For years, PC users have been able to download and install different browsers on the market, but this decision marks a step-change in Europe with implications for Microsoft in other regions.

Kroes said the option of having a choice of which browser to use will not only serve to improve people’s experience of the Internet now but also act as an incentive for web browser companies to innovate and offer people better browsers in the future.

Microsoft is also publishing on its website an undertaking whereby it commits to make far-reaching interoperability disclosures concerning other software and applications which had also raised concern from Brussels, Kroes said.

In October, Microsoft said it was mounting “the single biggest legal commitment in the history of the software industry to promote inter-operability” between its products and those of rival developers.

Microsoft cited improved proposals for European consumers centered on applications that apply to Windows, Windows Server, Office, Exchange and SharePoint products.
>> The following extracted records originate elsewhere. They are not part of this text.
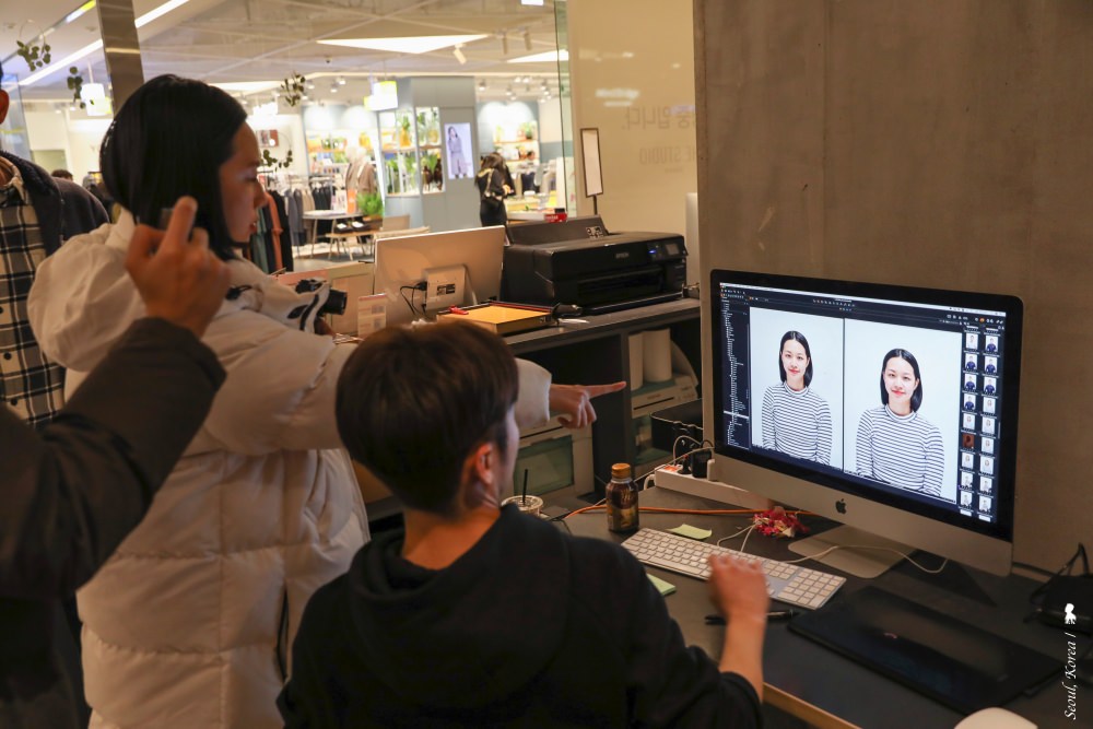一直有耳聞,首爾拍證件照很厲害,且聽說拍完馬上在電腦上咻咻咻修片,馬上就能拿到照片,若在台灣找相館拍,通常都得等上幾天才能拿到照片,因此吸引不少遊客順道在首爾拍大頭照。說來好笑,自己雖是攝影師,蠻常為不同客戶拍攝肖像照與形象照,但自己近年的證件照常因趕著要辦簽證或護照,都是緊急花 150 元跑到路邊證件照拍攝機器草草解決,所以當得知行程中安排去拍證件照,我相當興奮,除了終於能有像樣的專業證件照外,也順便親身去體驗到底是不是如傳說中的神奇!
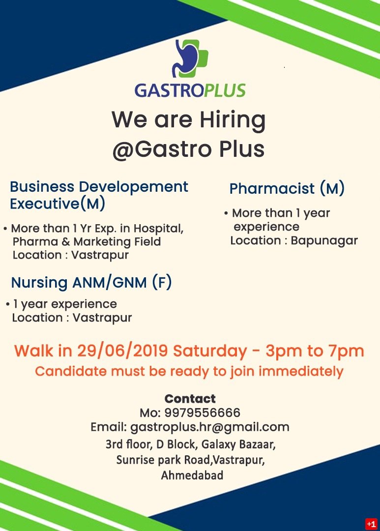 #Nursing ANM/GNM (Female)#Pharmacist (Male)@GastroPlusIndia in#Ahmedabadpic.twitter.com/WwHFXif0uP
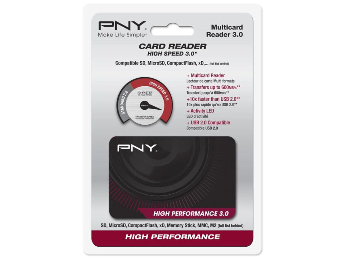 PNY High Performance Reader 3.0. Kompatible hukommelseskort: Kompakt flash (CF), Hukommelsesstick (MS), MicroSD (TransFlash), microSDHC, microSDXC, miniSD,..., Produktfarve: Sort, Dataoverførselshastighed: 5000 Mbit/s. Grænseflade: USB 3.2 Gen 1 (3.1 Gen 1). Kabler inkluderet: USB
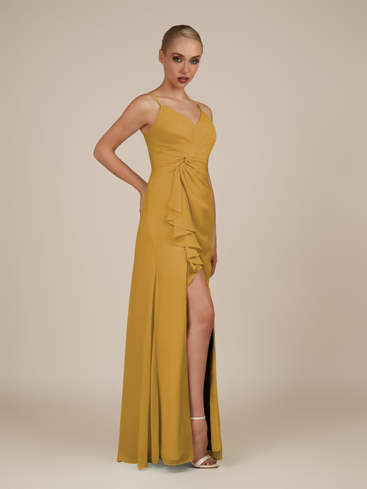 Lavatera | Marigold - A Line Chiffon V Neck Long Bridesmaid Dress with Ruffles

Microsoft lost an appeal in September 2007 before Europe’s second-highest court after EU regulators slapped a fine of more than $660 million on the company in 2004 for abusing its dominant power, partly in the media players market.

The commission hit Microsoft with a further fine of almost 900 million euros in February 2008 for defying its 2004 ruling.

Kroes said the commission threatened litigation on the browser issue in January, but she stressed while announcing the deal that it would “review the commitments in two years”.

The Commission said it would monitor the impact of the software maker’s undertaking on the market and take its findings into account in the pending antitrust investigation regarding interoperability on a complaint by industry body ECIS.